No pictures in the copy. Write out the listing below exactly.

§ **Given material**:

***

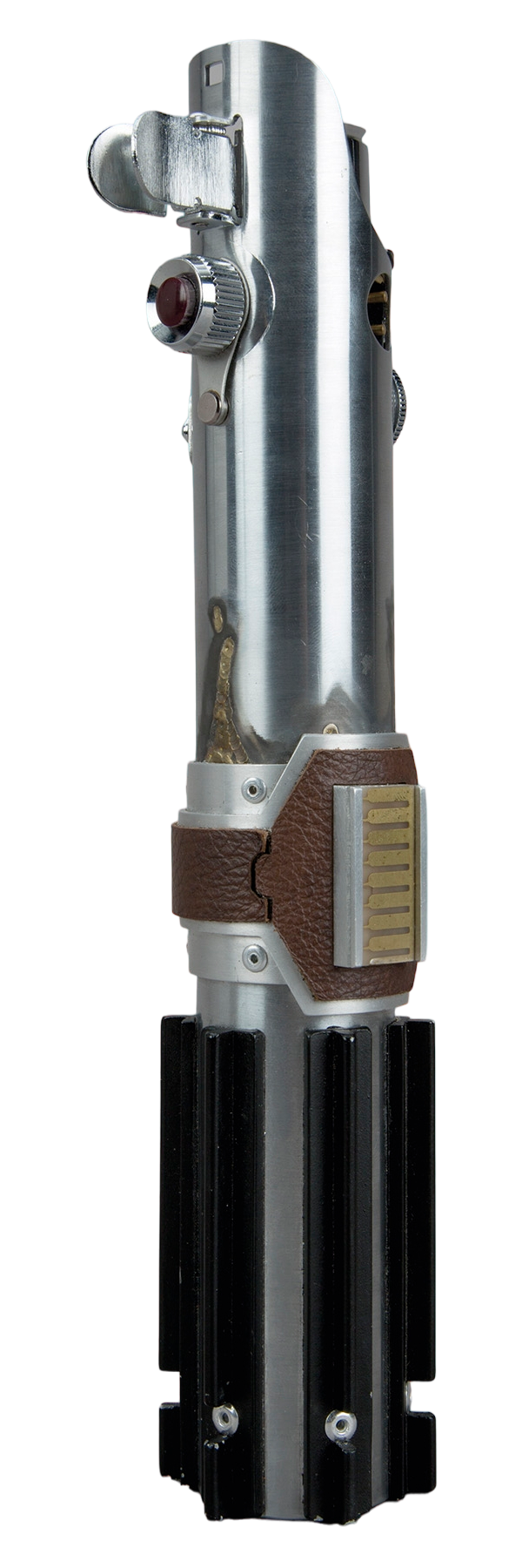 The original hilt carried by Mark Hamill in A New Hope was made from the flash attachment of a Graflex 3 cell flash unit, a flash tube attachment used on forties-era press cameras, with the ridged grips made by gluing portions of hard plastic T-track used for cabinet sliding doors (often mistaken for wiper blades) onto the bare cylinder, and the switch plate fashioned from the LED display of an Exactra 19 or 20 calculator. A D-ring assembly was also added to the bottom.[84] The lightsaber used in The Empire Strikes Back was again based on a Graflex, but the 'T' tracks were instead screwed on and were only 6 instead of 7, the switch plate was replaced with part of a circuit board, the Graflex logo was covered with mylar tape, and part of a Kobold camera flash was used to create the D-ring assembly.[85]
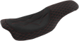 The tapered back lends to a sleek appearance while still offering adequate cushioning for passengers., Cut low with plenty of lower back support to keep riders looking cool and riding in comfort.
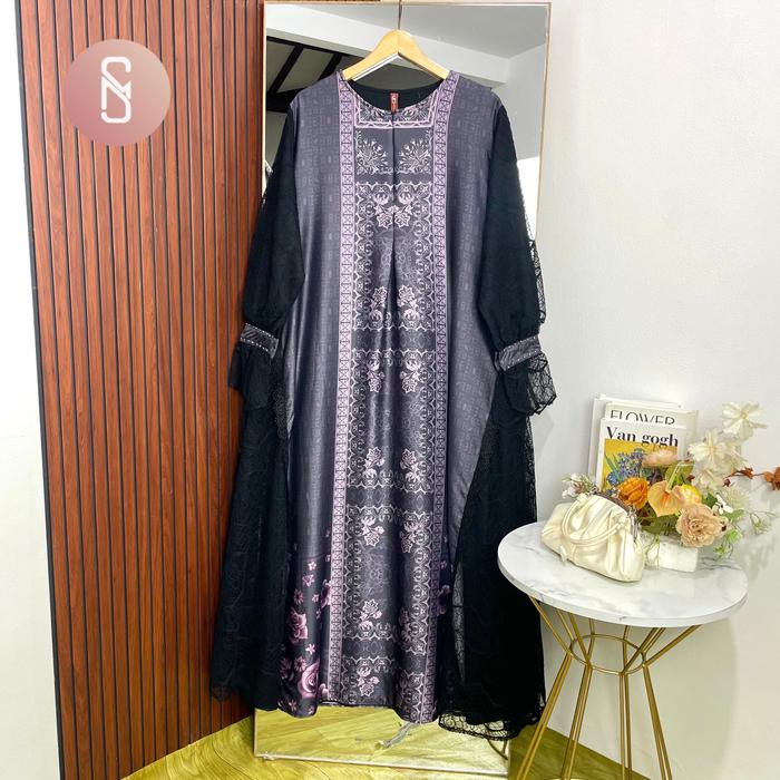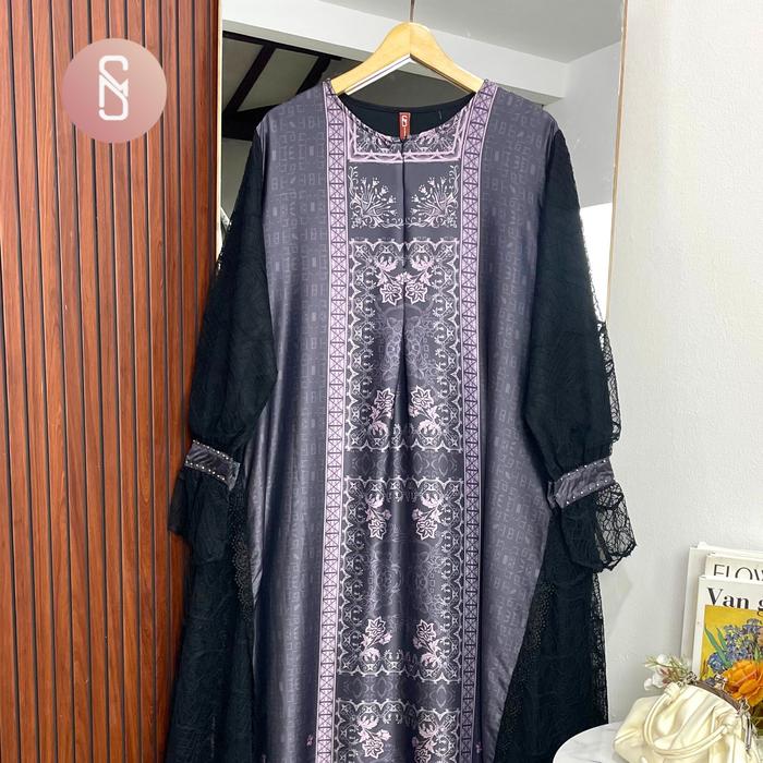 MYSHAWL LAVANA GAMIS JUMBO GAMIS BRUKAT BIGSIZE GAMIS KONDANGAN TILLE MOTIF KASUAL KONDANGAN WISUDA KEKINIAN BIG SIZE DRESS KANCING MUSLIM - BLACK, 2XL

***

§ **Expected answer**:
 The original hilt carried by Mark Hamill in A New Hope was made from the flash attachment of a Graflex 3 cell flash unit, a flash tube attachment used on forties-era press cameras, with the ridged grips made by gluing portions of hard plastic T-track used for cabinet sliding doors (often mistaken for wiper blades) onto the bare cylinder, and the switch plate fashioned from the LED display of an Exactra 19 or 20 calculator. A D-ring assembly was also added to the bottom.[84] The lightsaber used in The Empire Strikes Back was again based on a Graflex, but the 'T' tracks were instead screwed on and were only 6 instead of 7, the switch plate was replaced with part of a circuit board, the Graflex logo was covered with mylar tape, and part of a Kobold camera flash was used to create the D-ring assembly.[85]
 The tapered back lends to a sleek appearance while still offering adequate cushioning for passengers., Cut low with plenty of lower back support to keep riders looking cool and riding in comfort.
 MYSHAWL LAVANA GAMIS JUMBO GAMIS BRUKAT BIGSIZE GAMIS KONDANGAN TILLE MOTIF KASUAL KONDANGAN WISUDA KEKINIAN BIG SIZE DRESS KANCING MUSLIM - BLACK, 2XL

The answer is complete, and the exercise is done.